6. The method of claim 5, wherein in step 3, the prediction method in the inter-frame prediction method based on tile partition is detailed as follows:

the prediction algorithm processing process comprises the following steps: inputting feature vectors of two groups of tiles into a prediction algorithm, wherein the first real frame is a reference frame, the feature vectors of the tiles in the reference frame are S1 ═ (S1_ liang, S1_ se), the luminance component in the feature vector S1 is S1_ liang, the color component in the feature vector S1 is S1_ se, and the second real frame is a current frame, and the current frame is a picture in the current frameThe feature vector of the block is S2 ═ S2_ liang, S2_ se, the luminance component in the feature vector S2 is S2_ liang, and the color component in the feature vector S2 is S2_ se, then the change vector S of two frames before and after the video is S2-S1, the change vector S is applied to the feature vector of the tile in the current frame is S2, the feature vector S3 of the tile of the first predicted frame after the second real frame in the step 3 is obtained, the first predicted frame after the second real frame in the two real frames is the frame to be predicted, the feature vector S3 of the block to be predicted is obtained, the feature vector S3 is used as the luminance and color data of the whole block to generate a whole new block, and all n new blocks are sequentially generated²Obtaining a whole new image after each image block;

7. The method of claim 5, wherein the numerical operation is an average operation, a median operation, a mode operation, or the like.
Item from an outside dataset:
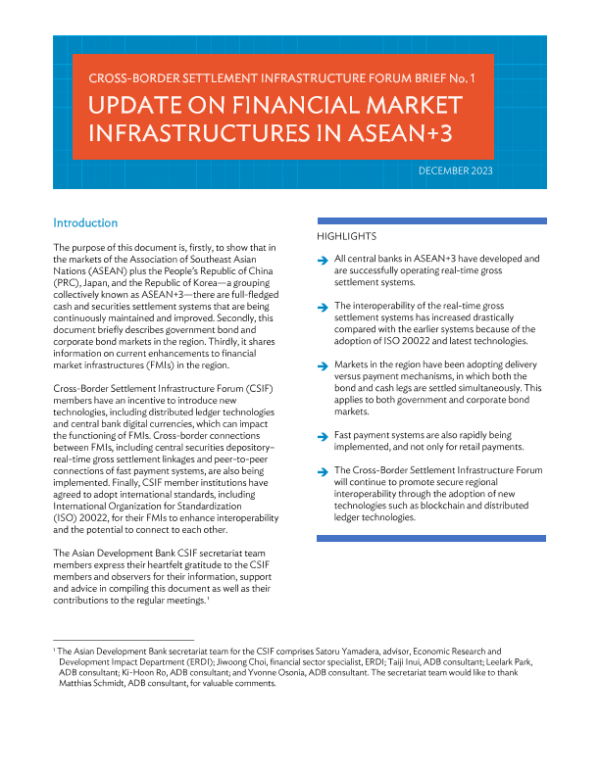 【亚洲开发银行】【202312】亚开行-东盟+3金融市场基础设施更新-8页 行业研究
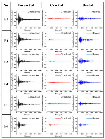 The ultrasonic waveforms of un-cracked samples are significant and present that the maximum amplitudes among all peaks are larger than 20 mV as shown in Figure 6. When the samples cracked, the maximum amplitudes decreased obviously. The result is due to that the ultrasonic energy was weakened by the strong interference of the air in cracks [45,46]. Fortunately, the maximum amplitudes of samples increased when cracks self-healed. The maximum amplitude of F3 sample, especially, increased significantly and showed the best self-healing effect. The reason may be that there were more cement particles in the range of 30~60 μm than other samples, which had strong continued hydration potential for 28 days concrete and produced much hydration products. However, the ultrasonic maximum amplitudes of self-healed samples are still lower than that of the un-cracked samples, which are consistent with the results of UPV test.

8. The system for realizing the method for predicting the displacement frame as claimed in claim 5, wherein the system comprises a scan counting module, a positioning module, a predicted frame generating module, a channel switching module and an output channel, the scan counting module scans and numbers the dynamic video into a plurality of real frames and then sends the real frames to the positioning module, the positioning module processes and stores image data and then outputs the image data to the predicted frame generating module, the data processing from the positioning module to the predicted frame generating module is that single-channel video source data is input and image segmentation is carried out by the positioning module and then feature vectors of image blocks are extracted, the predicted frame generating module processes the feature vectors extracted by the positioning module based on a prediction algorithm and then generates and numbers a plurality of predicted frames, the channel switching module carries out time slot switching on the plurality of predicted frames to two channels and inserts the predicted frames into corresponding time slots, the channel switching module allocates odd-numbered real frames to a channel A, and the channel switching module allocates even-numbered real frames to a channel B.

9. The system of claim 8, further comprising a left-eye video output channel and a right-eye video output channel, and further comprising two cases, case 1: the channel A is connected to the left eye video output channel, and the channel B is connected to the right eye video output channel; case 2: and the channel A is connected with the right eye video output channel, and the channel B is connected with the left eye video output channel.